To this day I have friendships that grew out of that week on D.A.S. We were in this stutter bubble like an alternative universe where it felt good to stutter. The challenge was after the course embracing the identity of a person who stutters which meant no longer passing as fluent and showing my stuttering at every opportunity I could. This really changed how I felt about my stutter. I was chipping away at the feelings of shame and difference that had engulfed and overwhelmed me at times. Self acceptance and self advocacy were key components on my journey which led me to taking up a support group facilitator role with the Irish Stammering Association and later I became chair of the association. Having being involved in stuttering support for around eleven years by 2016 I took some time away from the community, it just felt I needed a break.
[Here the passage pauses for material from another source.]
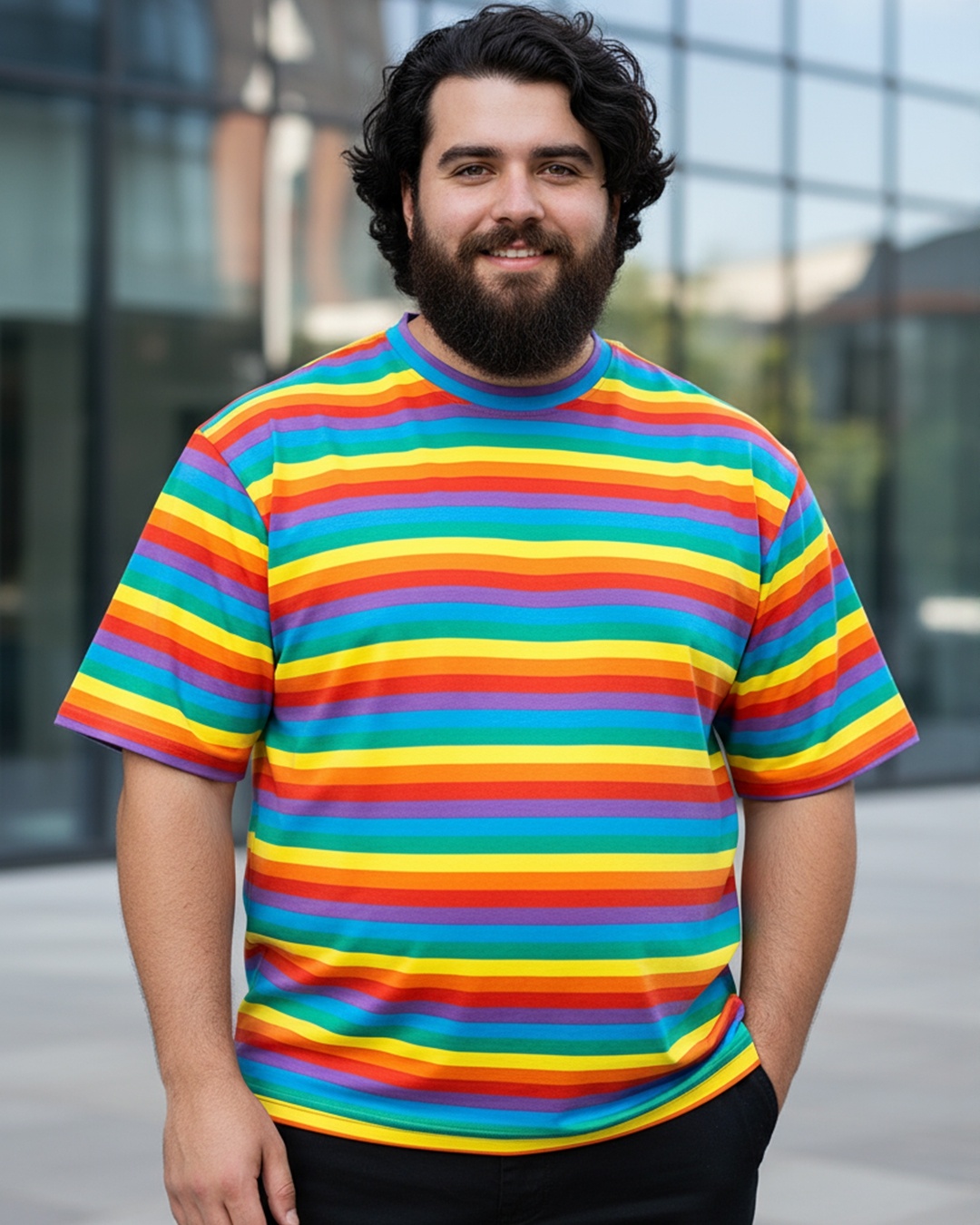 Men's Pride Multicolor Striped Loose Fit Plus Size T-shirt

In 2020 I was feeling enthused again and thought I had something to offer in the community. I got in touch with my good friend Jonathon Linklater who is the development manager of the Irish Stammering Association. It felt good to be back in the fold of stuttering support. In 2021 I started up my own instagram stuttering information& awareness page The Stutterverse where I get to discuss everything stuttering as this really is my passion in life. In 2022 I took the decision to go back into therapy as although I’m quite assured in my identity as a person who stutters I was not happy with the way I stuttered with many secondary behaviours still present in my stuttering pattern.
I got to attend my first international conference in August 2022 when I attended Stammafest in the UK. I cannot overestimate how affirming this conference was, to be surrounded by people who stutter from across the globe. I was with my tribe, my stammering tribe! I got to hear Vivian present with Nick and Ben and Neil at Stammafest on acceptance and change. I thought this was the right time for me to enter therapy again as I was ready for change and to open stutter again.
My journey with ARTS started soon after. I love the group element of ARTS and the value of learning from others. It’s been fun listening to myself openly stuttering. I’m looking forward to what lies ahead on this journey with stuttering. I love the line from the Beatles song “I’ll get by with a little help from my friends” In relation to stuttering support I like to add “I will not only get by but I’ll thrive with a little help from my friends.”